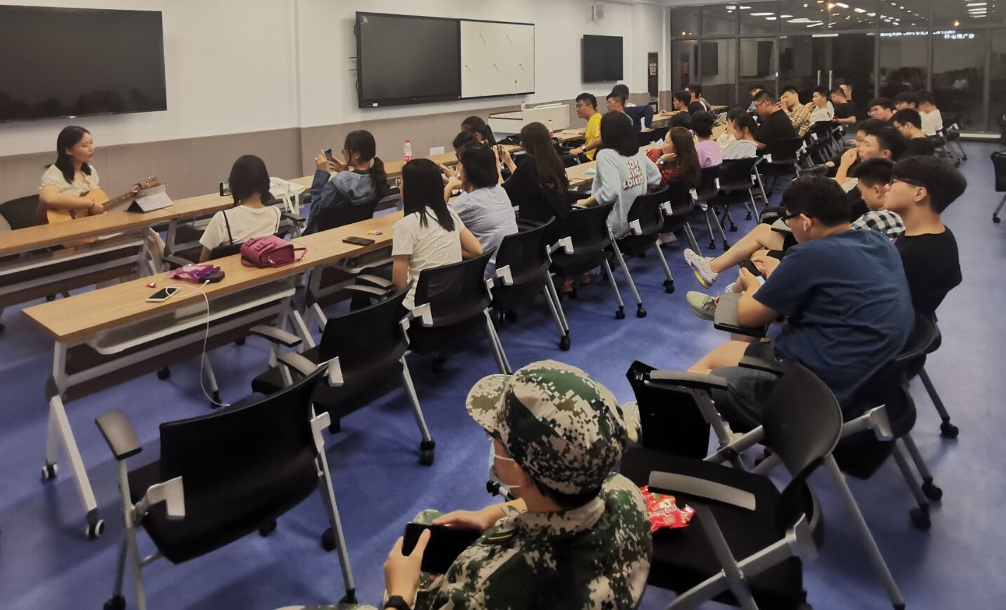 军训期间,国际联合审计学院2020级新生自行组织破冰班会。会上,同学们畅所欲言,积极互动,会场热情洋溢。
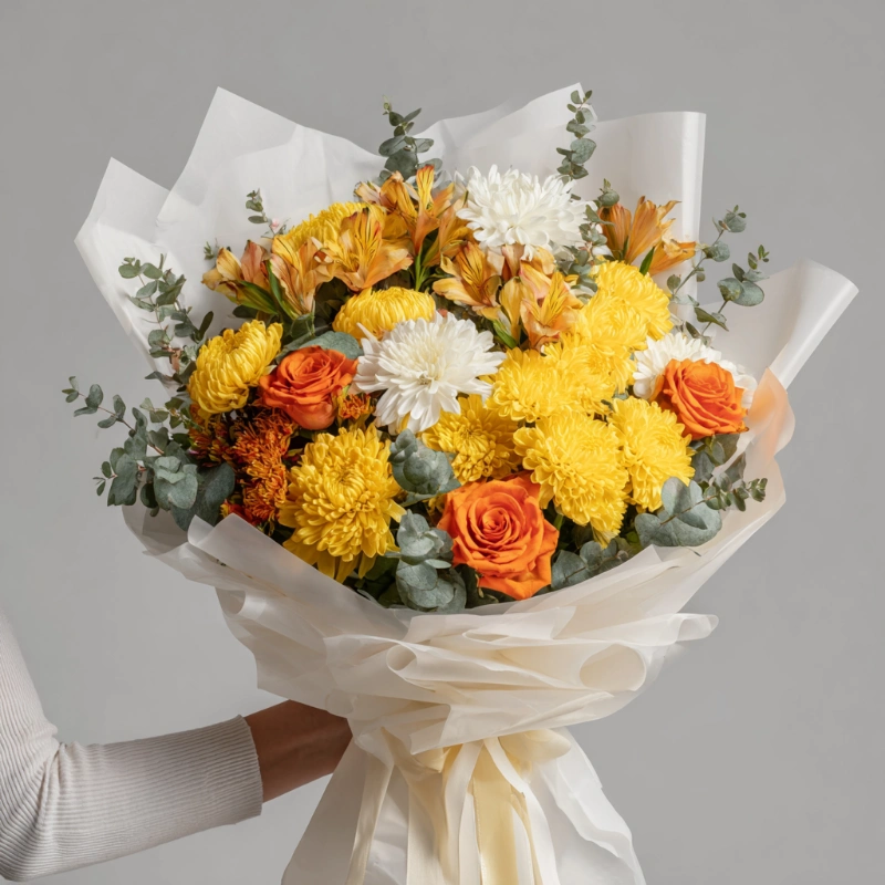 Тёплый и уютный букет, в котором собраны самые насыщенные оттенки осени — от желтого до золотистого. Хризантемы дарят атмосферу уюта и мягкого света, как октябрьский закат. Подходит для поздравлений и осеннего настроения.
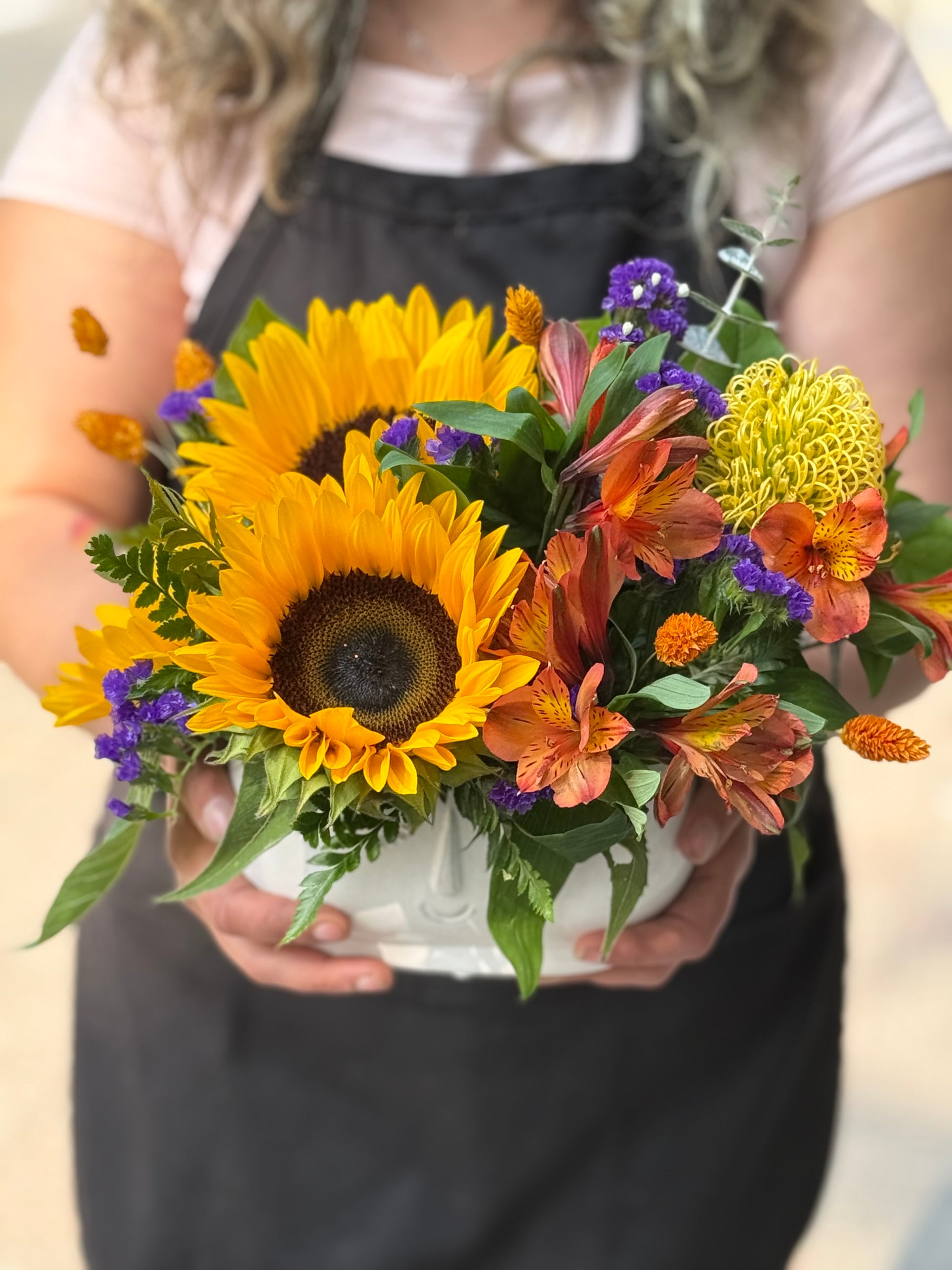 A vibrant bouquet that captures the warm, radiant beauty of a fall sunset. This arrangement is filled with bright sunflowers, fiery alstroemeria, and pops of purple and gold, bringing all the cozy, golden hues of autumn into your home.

▶ **Exercise description**: With the pictures omitted, reproduce the data above exactly.

▶ **Answer below**:
 军训期间,国际联合审计学院2020级新生自行组织破冰班会。会上,同学们畅所欲言,积极互动,会场热情洋溢。
 Тёплый и уютный букет, в котором собраны самые насыщенные оттенки осени — от желтого до золотистого. Хризантемы дарят атмосферу уюта и мягкого света, как октябрьский закат. Подходит для поздравлений и осеннего настроения.
 A vibrant bouquet that captures the warm, radiant beauty of a fall sunset. This arrangement is filled with bright sunflowers, fiery alstroemeria, and pops of purple and gold, bringing all the cozy, golden hues of autumn into your home.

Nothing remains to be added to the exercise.